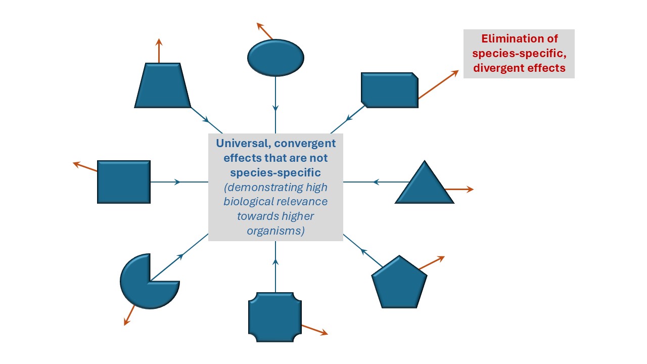 If you are looking for a fast, relevant, and cost-effective solution to assess the effects of any molecule, solution, extract, or treatment, the renaissance approach of Micro-InVivo® (MIV) offers an ideal and ethically preferable alternative. This innovative research platform provides unique capabilities that, to a significant extent, can substitute for the highly expensive and cumbersome vertebrate animal models (in vivo) as well as cell- and tissue culture systems (in vitro). In contrast to in vitro and some in vivo systems, the MIV is able to measure particulate, coagulation, flocculation, micellar, and colloidal active agents that are either insoluble or only slightly soluble in water.
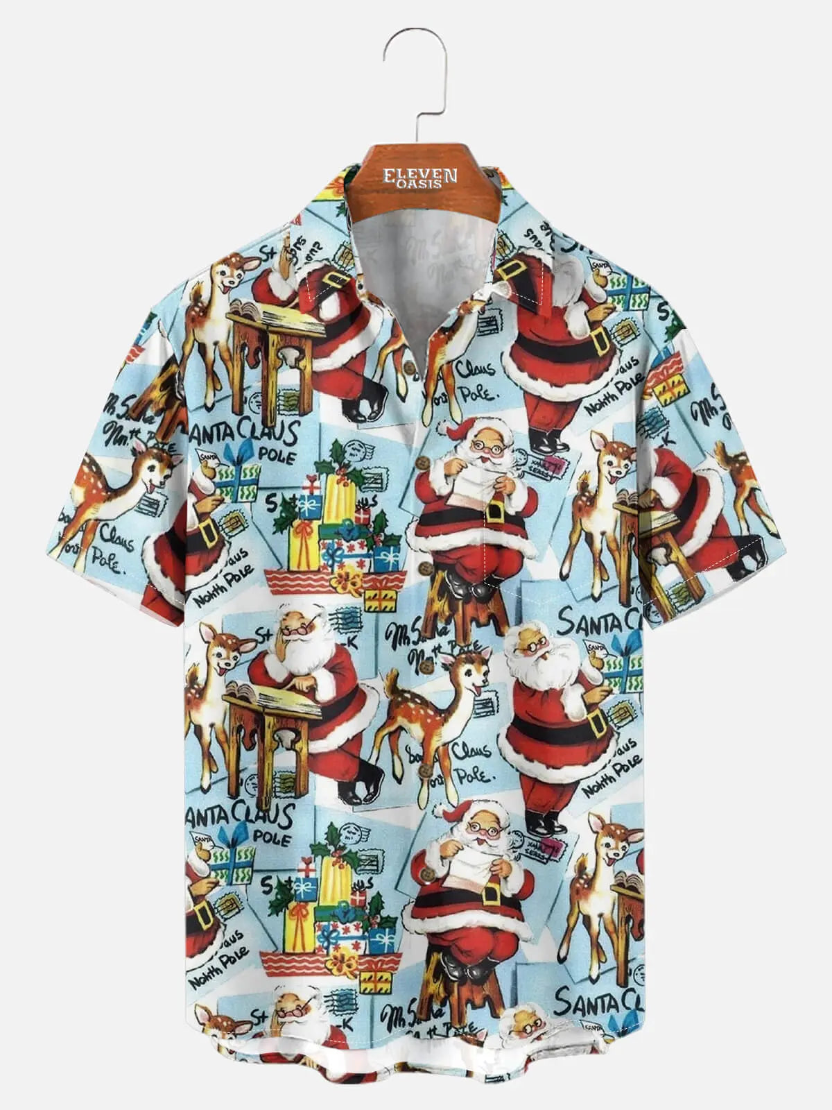 A playful retro Christmas shirt covered in mid-century Santa and reindeer illustrations. Designed with a classic spread collar and an easy, festive look—perfect for holiday parties, family photos, and relaxed December outings.
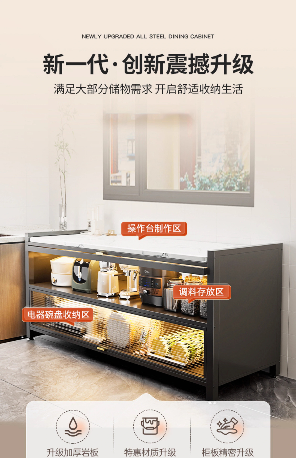 주방 수납 선반, 바닥에서 천장까지 다층 슬레이트 수납 캐비닛, 다기능 전자 레인지, 야채 절단 가정용 수납 캐비닛

> Assignment
Could you give again precisely the lines from the one containing "A playful retro" through the final line of the material above, both included, and no others, dropping the pictures?

> Result of the task
 A playful retro Christmas shirt covered in mid-century Santa and reindeer illustrations. Designed with a classic spread collar and an easy, festive look—perfect for holiday parties, family photos, and relaxed December outings.
 주방 수납 선반, 바닥에서 천장까지 다층 슬레이트 수납 캐비닛, 다기능 전자 레인지, 야채 절단 가정용 수납 캐비닛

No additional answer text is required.